When I’m sure that everyone is secure, I expand the bubble a bit, rotate us so we’re facing downhill, and push deeper into the flooded river. I move slowly at first, using most of my energy to weave through the stalagmites and stalactites turning the tunnel into an obstacle course. Twenty minutes later, we leave the tunnel behind, entering the massive chamber containing the ruins of New Jericho.
The city is below us, but out of sight, concealed by the liquid gloom. My first time here, I was just a boy, and I was chased away by the Nephilim, Ull, who would later become my master. My first return was after Ull’s death at my hands, and I discovered a statue of the beast, erected in his honor. On my third visit, the chamber was flooded, and though I did not see the city again, I felt its dark presence below.
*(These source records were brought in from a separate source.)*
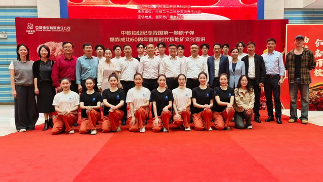 10月10日,由中核铀业有限责任公司主办的“纪念我国第一颗原子弹爆炸成功60周年暨新时代核地矿文化宣讲”活动在湖南衡阳举行,九游电子娱乐_九游体育(中国)师生创作编排的舞蹈《大地轨迹》受邀参演。九游电子娱乐_九游体育(中国)党委书记张福庆,党委副书记邱建丁,党委常委、副校长李满根,党委常委刘剑斌、金建华应邀出席活动。
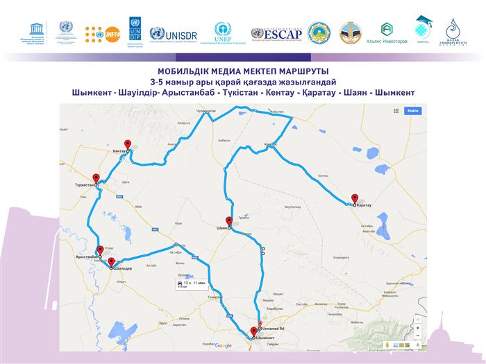 Медиа мектеп жұмыс бағыты: Шымкент – Шәуілдір – Арыстанбаб – Түркістан – Кентау – Шаян - Ақмешіт - Домалақ-Ана - Шымкент.
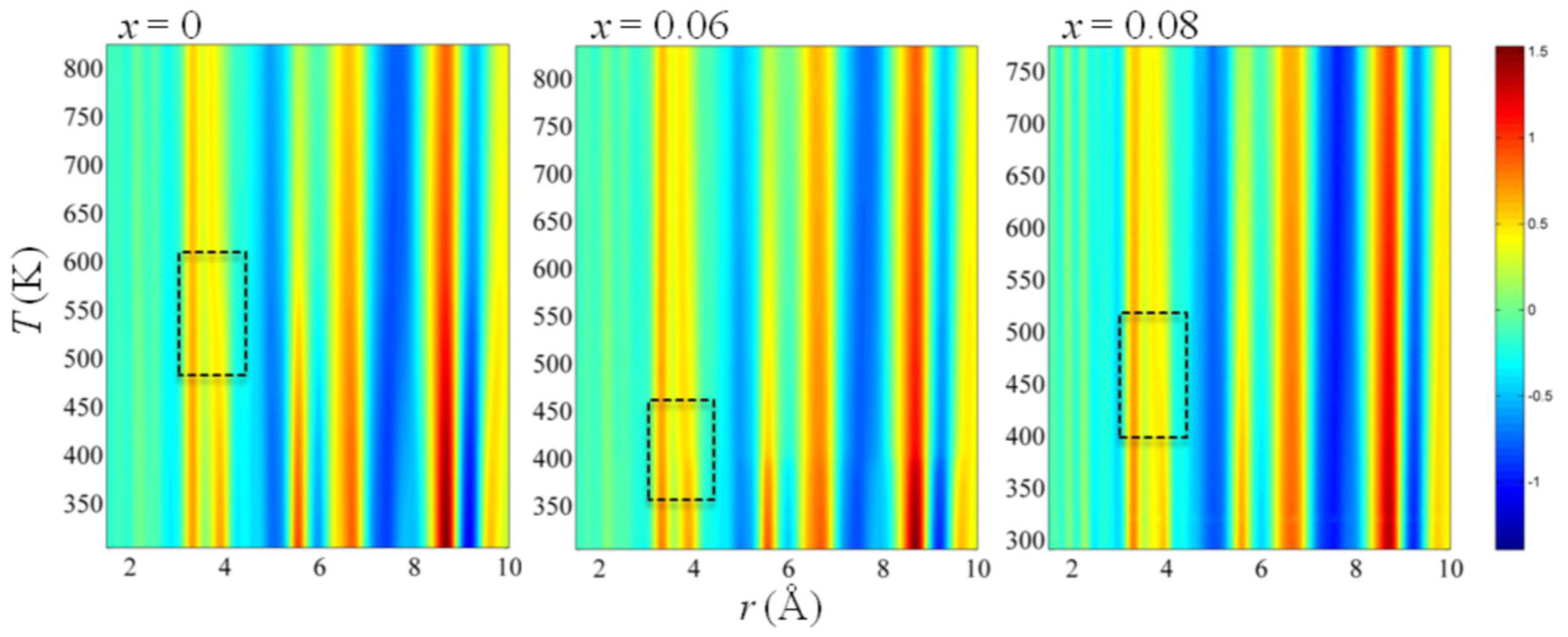 Temperature evolution of X-ray PDF intensities for BNBT for x = 0, 0.06, and 0.08; the dashed rectangles mark the temperature ranges of the most pronounced changes in PDFs. Reproduced with permission from [39].

But this visit is different. I’m not fleeing the underworld. I’m heading deeper. On a mission. And the ghosts of the past, including this dark place and the memories it holds, can’t distract me from it.
I accelerate slowly, cutting through the water like a hot needle through wax. The bubble is hard to maintain while moving, but the air around us reduces the friction of the water on our bodies, creating the perfect environment for cavitation, which allows us to move very fast—best guess, we’re at fifty-two knots, or roughly sixty miles per hour.
We travel in silence, each lost in our own personal train of thought. Em is thinking of Luca. I can’t read minds, but I’ve seen that worried look on her face before, and every time I’ve asked, her mind was on my younger clone. Kainda, on the other hand, is likely replaying our last battle in her head, over and over, imagining ways it could have turned out differently. Her clenched jaw says as much. Me? I’m not thinking about anything.